Listening to the song, I realized that it was neither my mother nor my Tante Atie who had given all the mother-and-daughter motifs to all the stories they told and all the songs they sang. It was something that was essentially Haitian. Somehow, early on, our song makers and tale weavers had decided that we were all daughters of this land. (35.230)
Danticat wants us to understand that she's not just artificially stacking the odds in the favor of female characters in her book. She's got a deeper reason for doing so. In the folktales that Sophie recalls and the stories told by the women in her family, the characters and motifs are decidedly feminine. Danticat claims that this is because all Haitians are daughters of the land. Perhaps it is also because the experience of the women in this work sums up the human condition so well: complex and difficult, filled with beauty, terror, and a deep, longing sadness for freedom.
I come from a place where breath, eyes, and memory are one, a place from which you carry your past like the hair on your head. (35.234)

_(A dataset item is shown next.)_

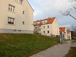 | Der stark zurückversetzte Mitteltrakt mit seinen sechs monumentalen Türmen der denkmalgeschützten Wohnhausanlage Karl-Marx-Hof der Gemeinde Wien im 19. Wiener Gemeindebezirk Döbling . Der Bau mit 1382 (aktuell rd. 1270) Wohneinheiten wurde von 1927 bis 1933 nach Plänen des Architekten Karl Ehn errichtet (die offizielle Eröffnung der Anlage fand am 12. Oktober 1930 statt). Er ist wohl der repräsentativste, sicherlich aber der bekannteste kommunale Wohnbau der Stadt Wien als Musterbeispiel eines monumentalen Superblocks . Er erstreckt sich über 1.100 Meter entlang der Heiligenstädter Straße und ist damit der längste zusammenhängende Wohnbau der Welt. Die vier Figuren über den Rundbögen sind Werke des Bildhauers Josef Franz Riedl (1884–1965) und symbolisieren die „Freiheit“, die „Fürsorge“, die „Aufklärung“ und die „Körperkultur“. | Eigenes Werk | C.Stadler/Bwag | Datei:Döbling (Wien) - Karl-Marx-Hof.JPG | |

These are Sophie's concluding words, as she tries to reconcile herself to the loss of her mother and to confront the terror of the past. She understands that Haiti is an integral part of who she is because of what she has experienced there herself and what she has inherited from her mother through stories and secondary memories. Sophie can't escape any of it—the good or the bad—since it is a visceral part of her. It's quite literally in her DNA, a basic part of her identity that she can't shed and will live with every day of her life.